Written by Dana Blankenhorn, Inactive on

In all the hullabaloo over health reform, Charles Silver and David Hyman write at The Health Care Blog, a key point of cost control has been lost.

Paying only for what works.

Silver and Hyman are law professors, not doctors. They point to a RAND Corp. study saying that "one-third or more of all procedures performed in the United States are of questionable benefit." (The illustration is from the study.)

What happened to this simple idea?

The way to enforce it is through comparative effectiveness. Analyze data from millions of patients, develop best practices, and move physicians toward the most cost-effective solution.

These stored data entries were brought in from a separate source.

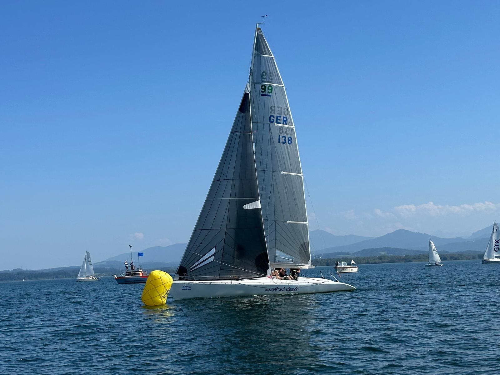 Am zweiten Wettfahrttag zeichnete sich schon bald ein leichter, aber stabiler Wind aus Ost ab, so dass der Wettfahrtleiter Hannes Niggl vom WVF die Schiffe auslaufen ließ. So konnten am zweiten Wettfahrttag dann 3 Regatten gesegelt werden, wobei die Reihenfolge der Zieleinläufe bei den einzelnen Regatten stark durcheinander gewürfelt wurde. Die 1. Wettfahrt gewann SKH Prinz Luitpold von Bayern vom BYC, die 2. Wettfahrt dann Hans-Jürgen Koch mit Familiencrew vom WVF und die 3. Wettfahrt an diesem Tag gewann Christoph Müller vom CYC. Christoph Müller, Asso 99 Europameister, der mit einem Teil der Bundesligamannschaft vom CYC antrat, hatte dann auch die Gesamtführung nach dem 2. Wettfahrttag inne.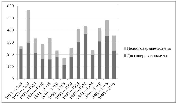 Проанализировав каждый из выделенных сюжетов, мы по самой ранней фиксации или по датировке, выставленной автором источника, сумели выявить приблизительное время появления или актуализации для 4755 сюжетов. Для удобства представления данных о хронологии развития сюжетного фонда мы распределили сюжеты на 14 отрезков примерно по пять лет. Эти хронологически периоды не равны — мы вынуждены были использовать в качестве «пятилеток» бóльшие временные отрезки (1918—1925 и 1985—1991 года). Условность этого деления может быть оправдана общим уровнем условности хронологической локализации значительной части материала, точность датировки которого колеблется от одного дня до промежутка в несколько лет, что не позволяет использовать более конкретную шкалу. Картина хронологического развития сюжетного фонда получилась такой (см. график).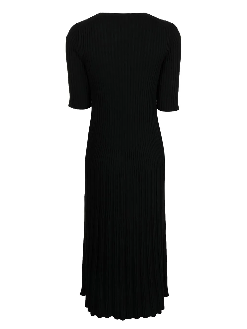 Черный, шерсть мериноса, трикотаж в рубчик, круглый вырез, короткие рукава и длина миди.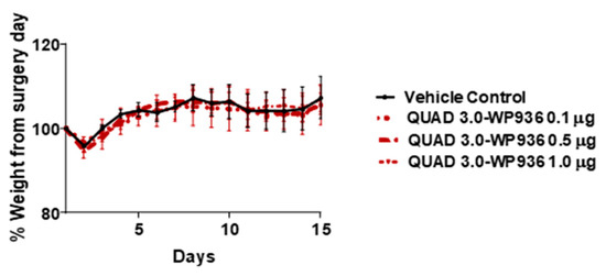 QUAD 3.0-WPD936 is safe in mice. Change in weight (%) of C57BL/6 mice after intracranial injections of QUAD 3.0-WP936.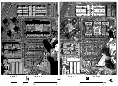 - 위성의 촬영각, 지형 등에 의한 영향을 제거하여 수직방향에서 보는 것과 같이 보정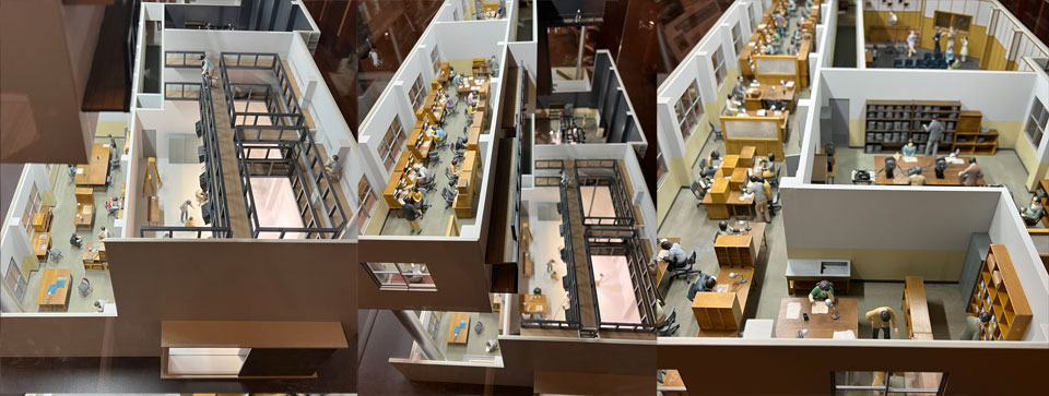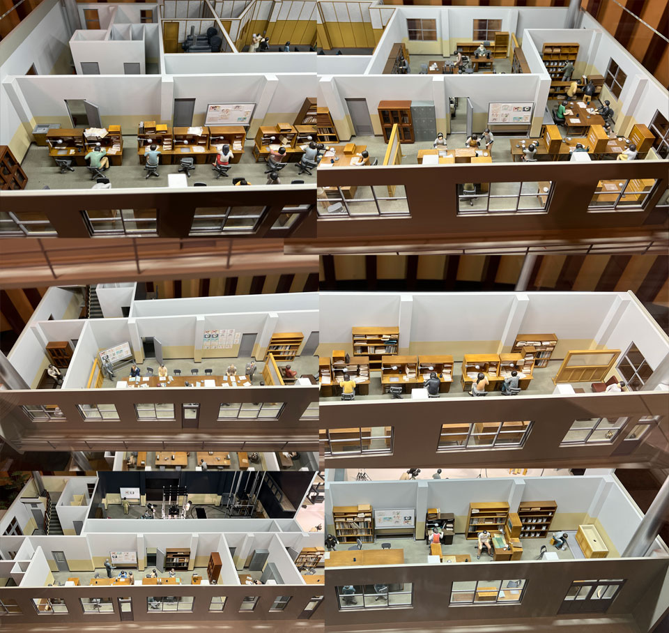 これが第一期の建物で自分が知ってるのは建て増しに建て増しを重ねてコの字と四角の中間くらいまでなってからなんですが、その頃に会議室だった部屋が試写室とは聞いてたけど隣が編集だったのかあとか、どうやら企画部室らしところはほぼ変わってないみたいとか、昔の撮影室はあとでミュージアムになってたなあとか。

This is what every other country does, regardless of how they pay for care. Formularies drive care, based on cost effectiveness. Anyone who wants to go outside what works had better have a good explanation. Often, going outside what works is simply forbidden, or patients are told to buy it with their own money.

Isn't that how you set priorities? Why should governments or insurance companies act differently?

Unfortunately this was one of the first dominoes to fall in the debate. Reform opponents like Betsy McCaughey called this "getting between a patient and their doctor."

This happened in conjunction with the debate over the Obama stimulus, and the subject was health IT. The purpose of the HITECH Act's $19.2 billion in stimulus was to collect the data that would drive decisions on what to pay for.

McCaughey's scare worked. Explicit promises were made not to use comparative effectiveness in any way to deny care, not to use evidence to decide what we should pay for.

The alternative to evidence is politics. Silver and Hyman note that millions of insurance dollars are spent annually on entirely non-medical treatments like Christian Science, but there's more:

Lobbying from providers and supportive patients explains why many states already mandate coverage of elective services like in-vitro fertilization, massage therapy, and visits to athletic trainers. Concerns about the efficacy and cost-effectiveness of treatments are washed away by a stream of campaign contributions, and sad stories about patients who can only obtain the “necessary” services if the insurer will pay for them.

This is what is wrong with the present system. State regulation of insurance is based on politics, so your coverage includes any procedure that becomes politically powerful in your state. That's why insurance costs are rising through the roof.

There is nothing wrong with paying for prayer but it's not medicine, they write. There's nothing wrong with in-vitro fertilization but it's optional, not something everyone should have to cover.

Thus, by tossing away evidence as a way to rule-out certain coverages, you pay for a lot of stuff you don't need.

Silver and Hyman wrote to argue against a politically-motivated individual mandate. Any mandate should be based on science, not politics, and by giving up on comparative effectiveness early in the process, it became impossible to set that standard, either through the federal government or through the states.

If this was Betsy McCaughey's intent, she is fiendishly clever. Health care will remain a growth industry, because Americans will keep having to pay for stuff that doesn't work, regardless of whether reform passes or fails.